Kriteria pengkajian keperawatan, meliput i:
a). Pengumpulan data dilakukan dengan cara anamnesis, observasi, pemeriksaan fisik serta dari pemeriksaan penunjang.
b). Sumber data adalah klien, keluarga, atau orang yang terkait, tim kesehatan, rekam medis, dan catatan lain.
c). Data yang dikumpulkan, difokuskan untuk mengidentifikasi: - Status kesehatan klien masa lalu.
- Status kesehatan klien saat ini.
- Status biologis-psikologis-sosial-spiritual. - Respons terhadap terapi.
- Harapan terhadap tingkat kesehatan yang optimal. - Risiko-risiko tinggi masalah
d). Kelengkapan data dasar mengandung unsur LARB (Lengkap, Akurat, Relevan, dan Baru).
2. Standar Diagnosis Keperawatan
Perawat menganalisis data pengkajian untuk merumuskan diagnosis keperawatan.
Kriteria proses:
a). Proses diagnosis terdiri atas analisis, interpretasi data, identifikasi data, identifikasi masalah klien, dan perumusan diagnosis keperawatan. b). Diagnosis keperawatan terdiri atas: masalah (P), penyebab (E), dan
tanda atau gejala (S), atau terdiri atas masalah dan penyebab (PE). c). Bekerjasama dengan klien, dan petugas kesehatan lain untuk
mevalidasi diagnosis keperawatan.
d). Melakukan pengkajian ulang, dan merevisi diagnosis berdasarkan data terbaru.
3. Standar Perencanaan Keperawatan
Perawat membuat rencana tindakan keperawatan untuk mengatasi masalah dan meningkatkan kesehatan klien.
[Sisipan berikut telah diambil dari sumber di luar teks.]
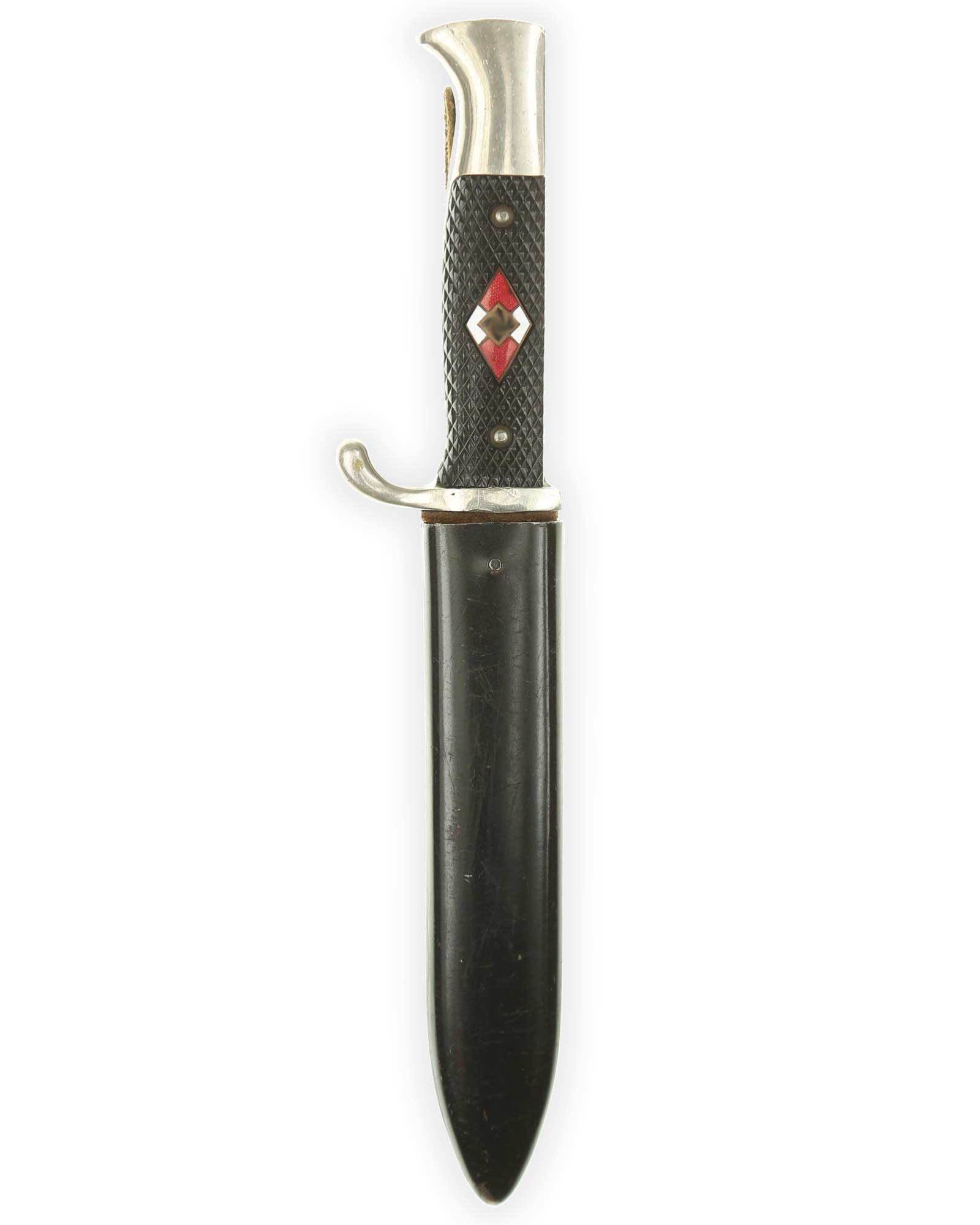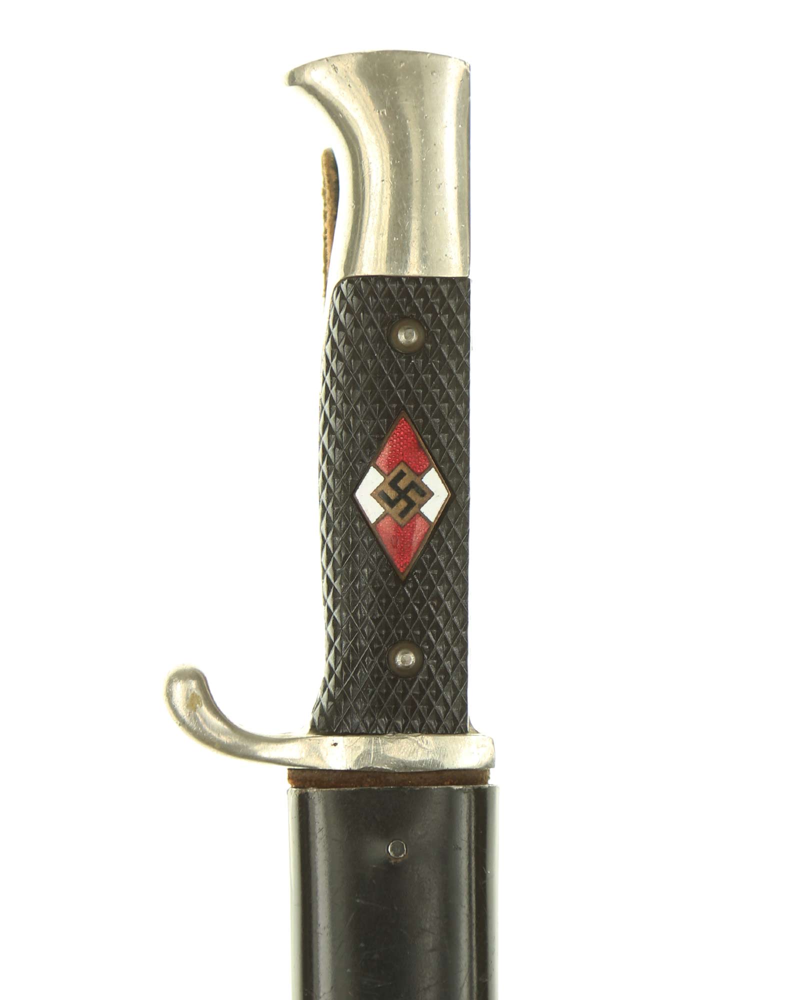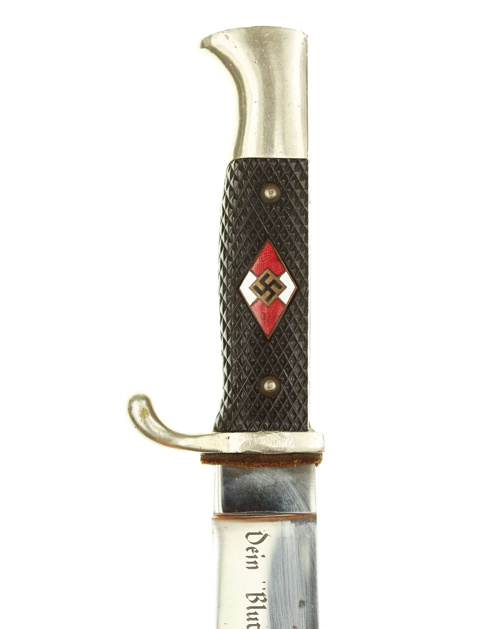 Griff: Vernietete Griffschale, aus Bakelit mit Fischgrätenmuster in Tiefschwarz. Auf der vorderen Seite befindet sich, in der Mitte der Griffschale, das Hitler-Jugend-Abzeichen (versplintet). Einseitig gebogene Parierstange bzw. Knebel.

Kriteria proses, meliput i
a). Perencanaan terdiri atas penetapan prioritas masalah, tujuan, dan rencana tindakan keperawatan.
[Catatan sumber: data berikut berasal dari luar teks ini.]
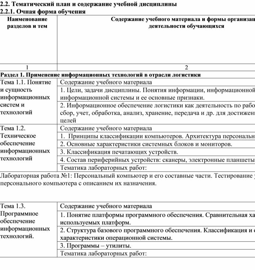 Раздел 1. Применение информационных технологий в отрасли логистики |
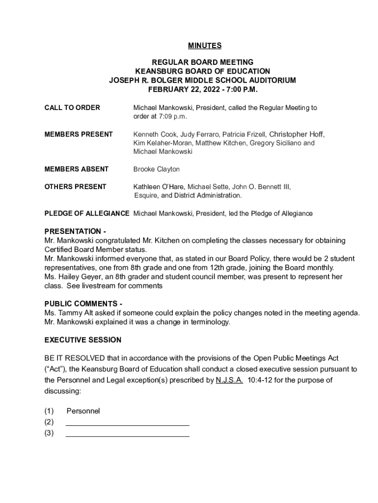 MINUTES REGULAR BOARD MEETING GINSBURG BOARD OF EDUCATION JOSEPH R. BOLDER MIDDLE SCHOOL AUDITORIUM FEBRUARY 22, 2022 7:00 P.M. CALL TO ORDER Michael Minkowski, President, called the Regular Meeting
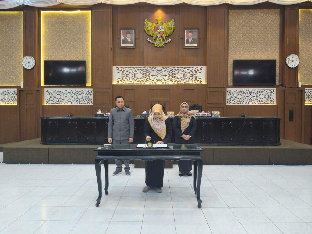 Ketua DPRD Kota Probolinggo menandatangani Keputusan DPRD tentang Penetapan Pimpinan dan Anggota Panitia Khusus DPRD terkait Pembahasan Laporan Keterangan Pertanggungjawaban Walikota Probolinggo Tahun Anggaran 2025, tanggal 30 Maret 2026.(Foto : Sekwan)
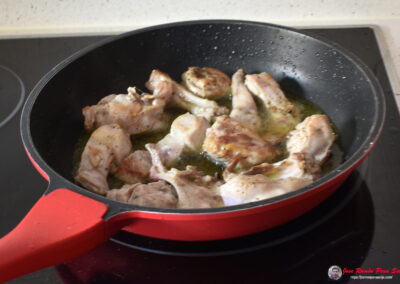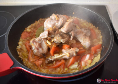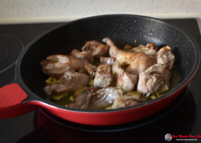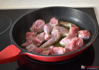 - Incorporamos el conejo y lo freímos hasta que empiece a dorarse por fuera.

b). Bekerjasama dengan klien dalam menyusun rencana tindakan keperawatan.
c). Perencanaan bersifat individual sesuai dengan kondisi atau kebutuhan klien.
d). Mendokumentasi rencana keperawatan. 4. Standar Implementasi
Perawat mengimplementasikan tindakan yang telah diidentifikasi dalam rencana asuhan keperawatan
Kriteria proses, meliput i:
a). Bekerjasama dengan klien dalam pelaksanaan tindakan keperawatan. b). Kolaborasi dengan tim kesehatan lain.
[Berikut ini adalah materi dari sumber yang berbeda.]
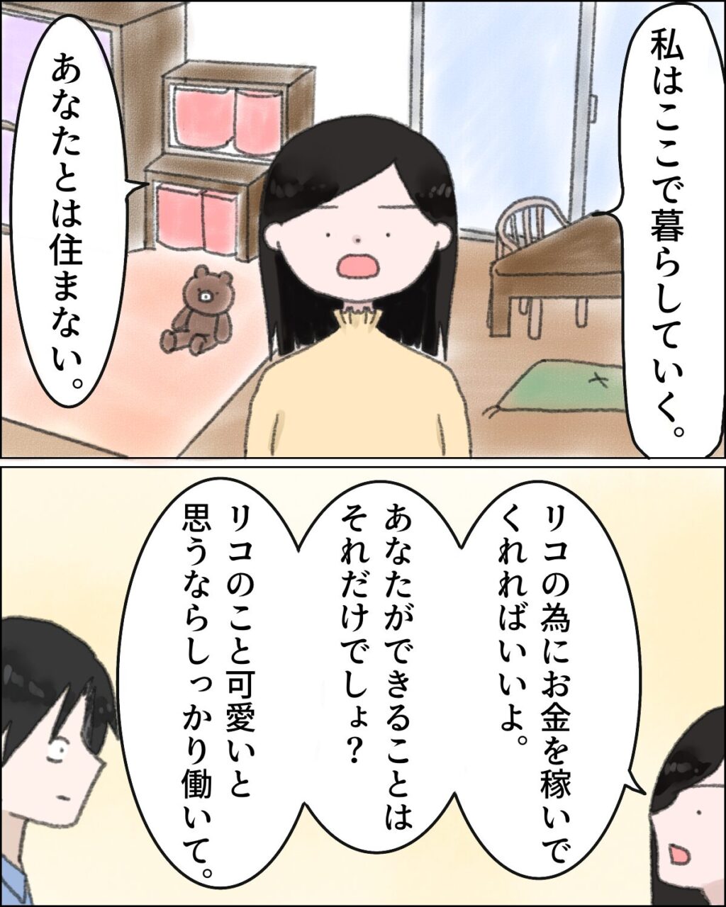 「私はここで暮らしていく。あなたとは住まない。」としっかり伝えました。そして「リコの為にお金を稼いでくれればいいよ。あなたができることはそれだけでしょ?リコのこと可愛いと思うならしっかり働いて」と・・・
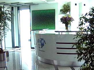 grau hochglanz lackierte Front konisch nachunten zulaufend mit eingearbeiteten Lisenenin den Hausfarben · Sockel Edelstahlstruktur ·oben Abdeckung in Nero Impala
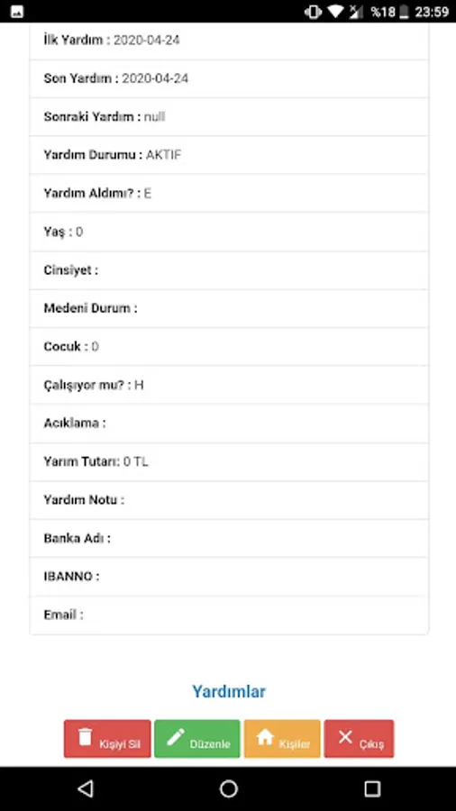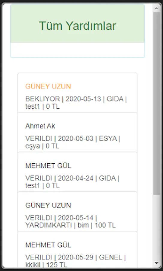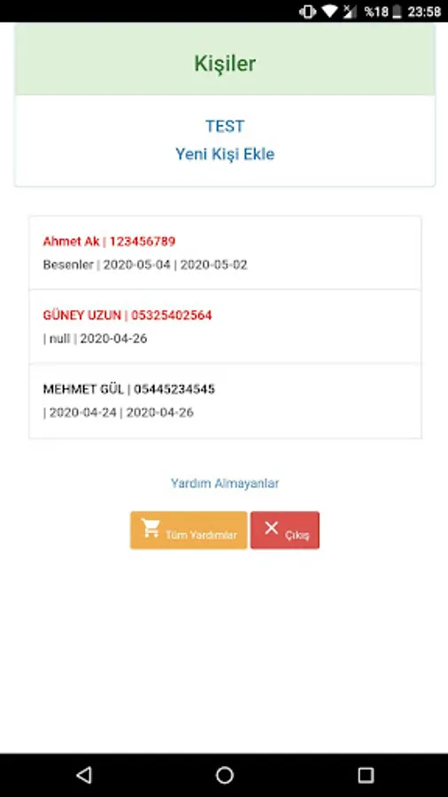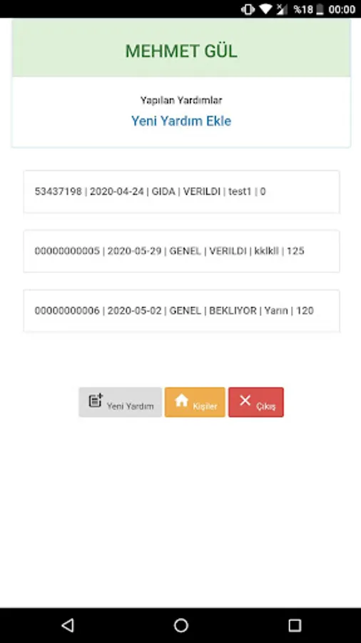 While recording the aid to the person, the Call Date shows when to go to that person or that person will come to get help. If the aid status is marked as GIVEN, the section of the person that I received help in that person's card is automatically marked as E.

c). Melakukan tindakan keperawatan untuk mengatasi kesehatan klien. d). Memberikan pendidikan pada klien dan keluarga mengenai konsep,
keterampilan asuhan diri serta membantu klien memodifikasi lingkungan yang digunakan.
e). Mengkaji ulang dan merevisi pelaksanaan tindakan keperawatan berdasarkan respons klien.
5. Standar Evaluasi Keperawatan
Perawat mengevaluasi kemajuan klien terhadap tindakan keperawatan dalam pencapaian tujuan, dan merevisi data dasar dan perencanaan.
Kriteria proses
a). Menyusun perencanaan evaluasi hasil dari intervensi secara konprehensif, tepat waktu, dan terus-menerus.
b). Menggunakan data dasar dan respons klien dalam mengukur perkembangan ke arah pencapaian tujuan.
c). Memvalidasi dan menganalisis data baru dengan teman sejawat.
d). Bekerjasama dengan klien keluarga untuk memodifikasi rencana asuhan keperawatan.
e). Mendokumentasi hasil evaluasi dan memodifikasi perencanaan.
Dalam memenuhi standar asuhan keperawatan inilah mahasiswa profesi keperawatan banyak membutuhkan informasi yang dapat dijadikan sebagai pedoman dalam melakukan tindakan asuhan keperawatan. Asuhan keperawatan ini akan dipertanggung jawabkan didepan para dosen penguji masing-masing. Sehingga mahasiswa keperawatan harus benar-benar memperhatikan datanya dalam membuat tugas laporan mengenai penyakit pasien.